**Task to carry out**
Word for word, repeat the lines of the records from the first line up to and including the line that contains "Today we focus", passing over any pictures.

+ + + + +

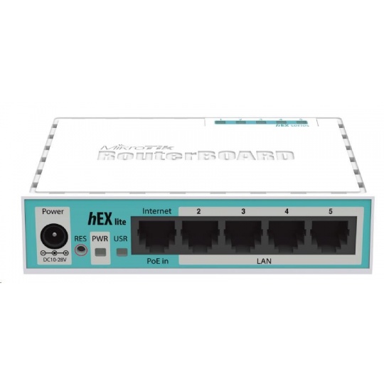 MikroTik RouterBOARD hEX lite, 850MHz CPU, 64MB RAM, 5x LAN, vč. L4 licence
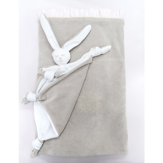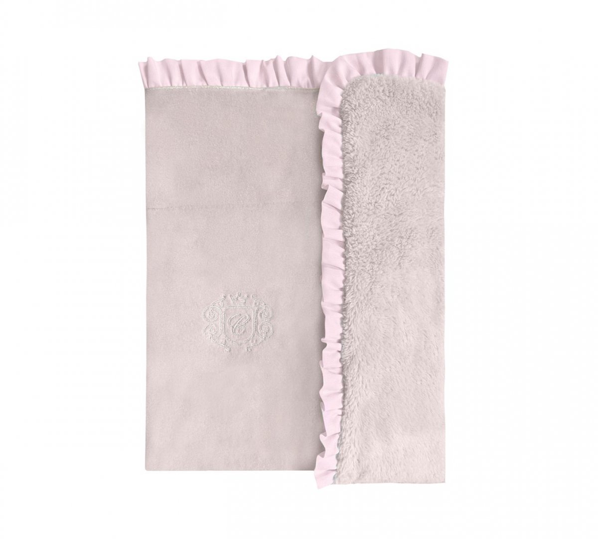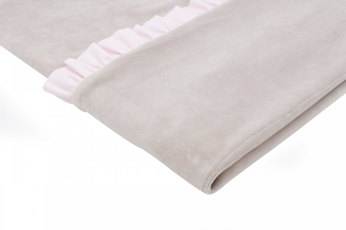 Warm blanket in sand beige color made of soft velour and plush textile. Decorated with a golden company emblem and a pink flounce.
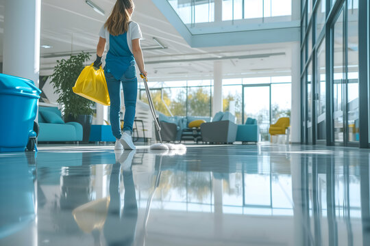 Office cleaning, mop for cleaning and clean floor. concept template for advertising cleaning, office cleaning, sanitary conditions with space for text
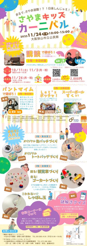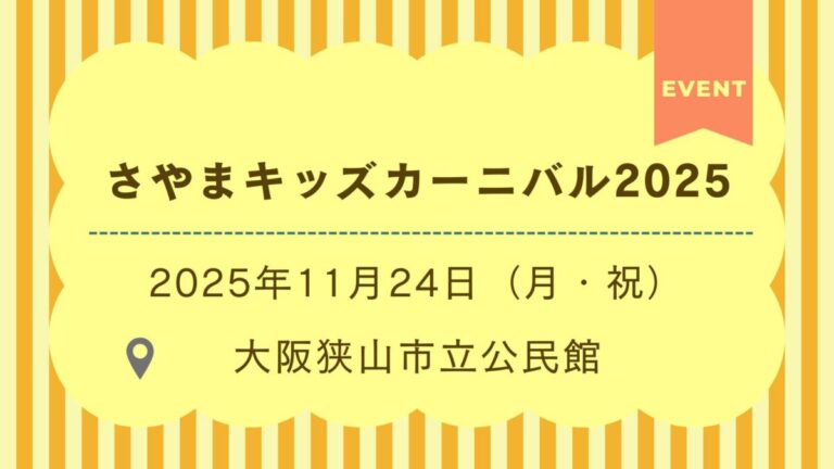 大阪狭山市立公民館で、子どもから大人まで楽しめるイベント「さやまキッズカーニバル2025」が開催されます!
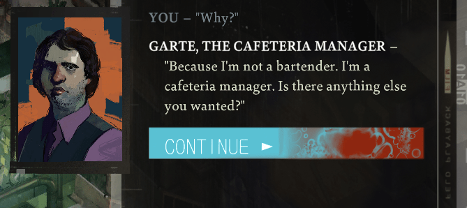 Yeah, you start at the midpoint of Harry Dubois’s stay in Revachol, and have no recollection of what you did on your first few days in town. But that’s okay, we’ve got Garte here to fill in the gaps.
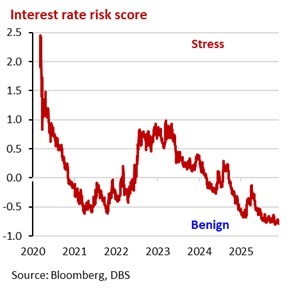 Today we focus on Interest Rates. The interest rate risk score remained at a multi-year low. The drop from the spike in early April stemmed from lower US interest rate volatility amid de-escalated US tariff tensions and resumption of US Fed monetary easing since September, as well as further narrowing of Europe sovereign spreads amid Southern Europe’s improved fiscal health and interest rate cuts by the European Central Bank this year. US inflation expectations, based on swaps, have remained stable over the past few months, despite US tariffs. The risk score could be biased much higher should severe stress conditions emerge from a sharp reignition of US inflation, and/or unexpected financial instability events.
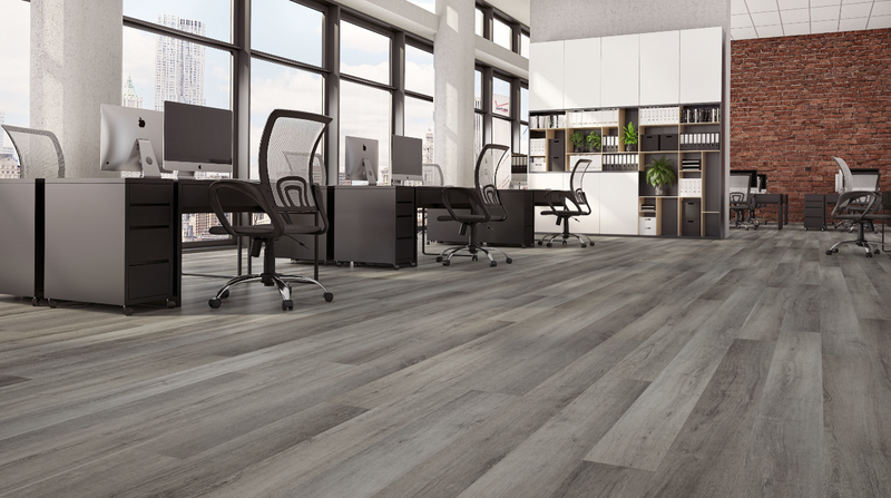 Embrace the cool sophistication of Bathsheba from the Goodfellow Dubai Collection—a resilient SPC flooring measuring 5.5 mm x 5.83" x 48". Enhanced with a 1.5 mm EVA pad and EIR finish, it withstands extreme temperatures (-60°C to 60 li. ft.) without transition molding. Supported by Unilin 'Drop Lock' technology, this water-resistant flooring stands strong against direct sunlight. Goodfellow's global presence and innovation echo in this brown-hued gem, meeting market demands sustainably.
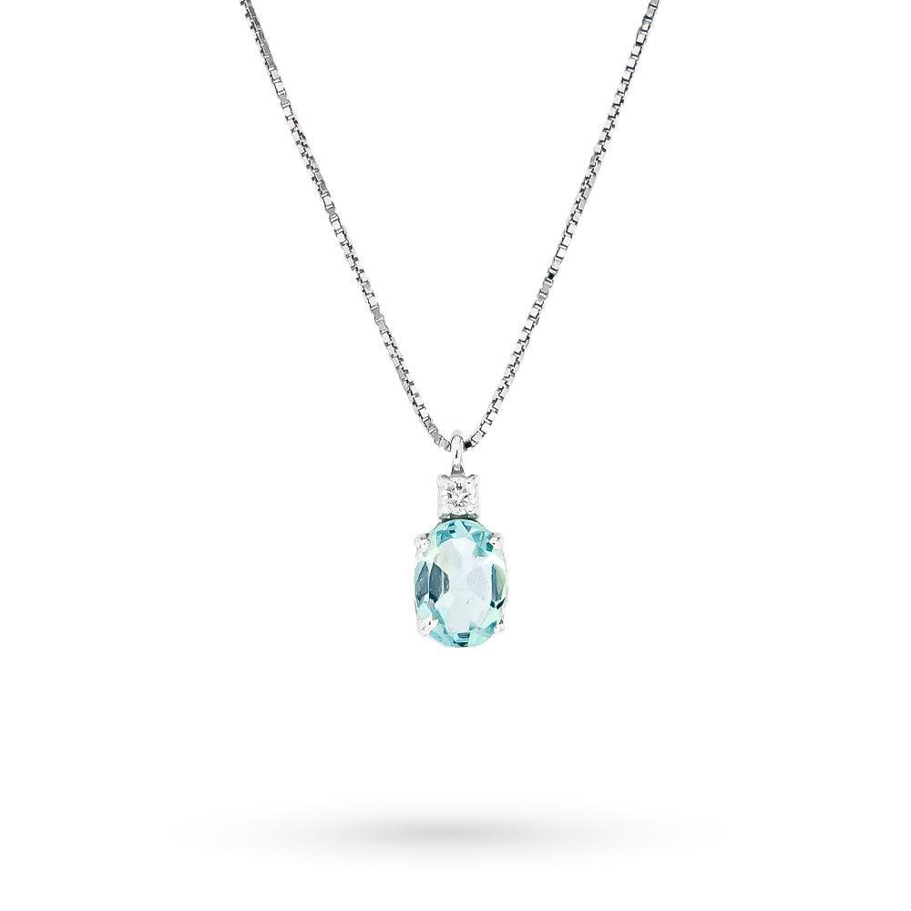 Collana Acquamarina Ovale 6×4 Con Diamante
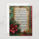 Eine geschichtete Karte mit strukturiertem rotem Papier, goldenen Akzenten, grünen Blättern und Noten. Verziert mit goldenen Schneeflocken, roten Beeren, Kiefernästen und einem roten Bogen mit goldenen Glitzer-Ecken, der ein festliches Weihnachtsthema schafft.
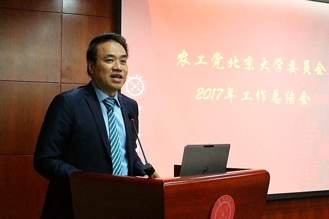 2017年12月6日下午,农工党北京大学委员会2017年工作总结会在北京大学第一医院内科楼二层会议室召开。此次总结会由农工党北大医院支部承办,特邀农工党北京市委会秘书长江欣、组织处处长王小燕,中共北大医学部党委副书记徐善东、统战部部长王军为,中共北大医院党委书记潘义生、党委副书记孙晓伟出席。农工党北京大学委员会所属各支部近70名党员参加了会议,农工党北京大学委员会副主委、北大医院支部主委熊辉主持了会议。
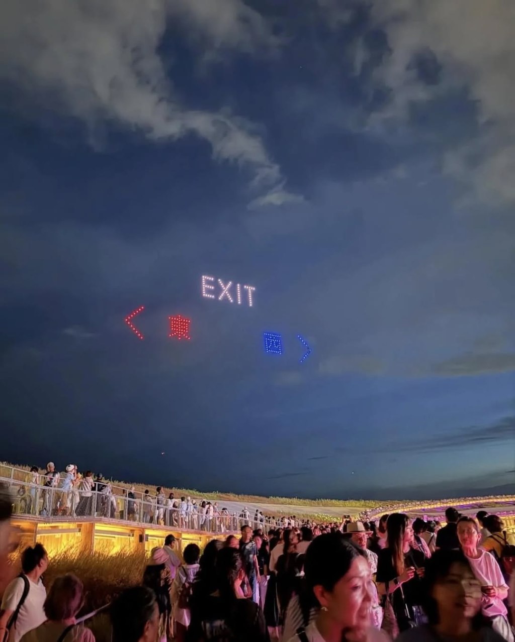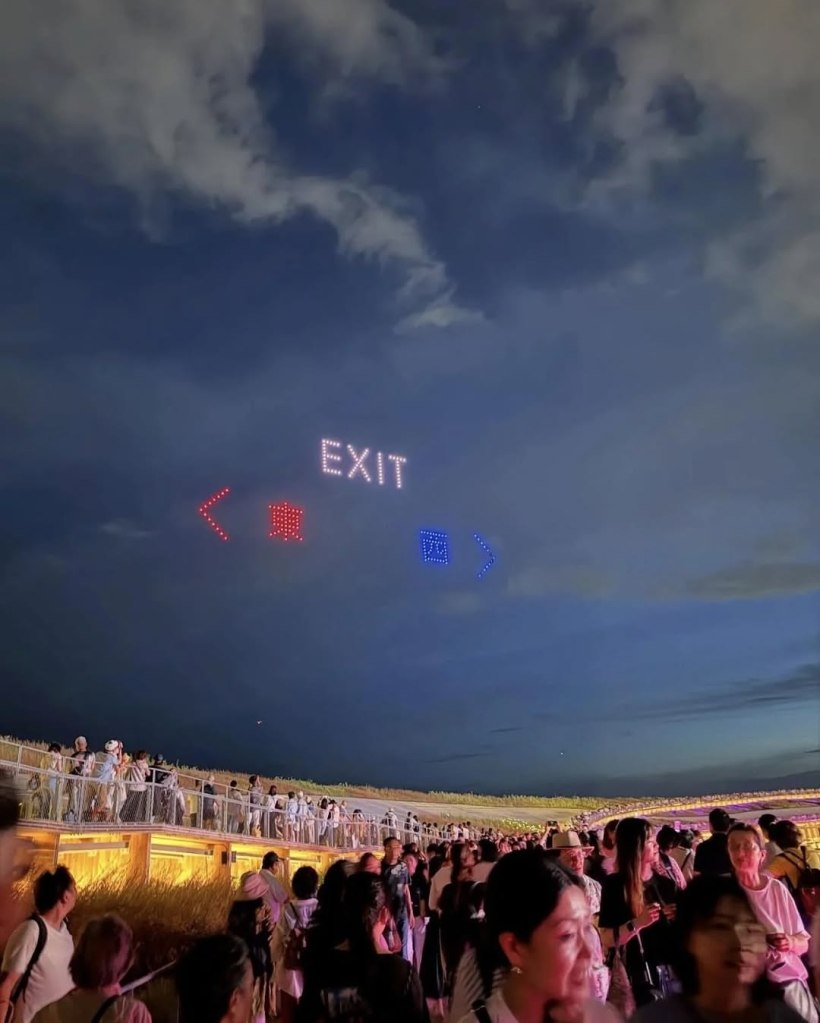 Lors de grands rassemblements, des flottes de drones synchronisés et équipés de lumières LED volent en formation au-dessus du lieu, créant des symboles clairs et lumineux, tels que des flèches ou des panneaux directionnels, qui indiquent aux participants les sorties désignées.

+ + + + +

**Expected answer**
 MikroTik RouterBOARD hEX lite, 850MHz CPU, 64MB RAM, 5x LAN, vč. L4 licence
 Warm blanket in sand beige color made of soft velour and plush textile. Decorated with a golden company emblem and a pink flounce.
 Office cleaning, mop for cleaning and clean floor. concept template for advertising cleaning, office cleaning, sanitary conditions with space for text
 大阪狭山市立公民館で、子どもから大人まで楽しめるイベント「さやまキッズカーニバル2025」が開催されます!
 Yeah, you start at the midpoint of Harry Dubois’s stay in Revachol, and have no recollection of what you did on your first few days in town. But that’s okay, we’ve got Garte here to fill in the gaps.
 Today we focus on Interest Rates. The interest rate risk score remained at a multi-year low. The drop from the spike in early April stemmed from lower US interest rate volatility amid de-escalated US tariff tensions and resumption of US Fed monetary easing since September, as well as further narrowing of Europe sovereign spreads amid Southern Europe’s improved fiscal health and interest rate cuts by the European Central Bank this year. US inflation expectations, based on swaps, have remained stable over the past few months, despite US tariffs. The risk score could be biased much higher should severe stress conditions emerge from a sharp reignition of US inflation, and/or unexpected financial instability events.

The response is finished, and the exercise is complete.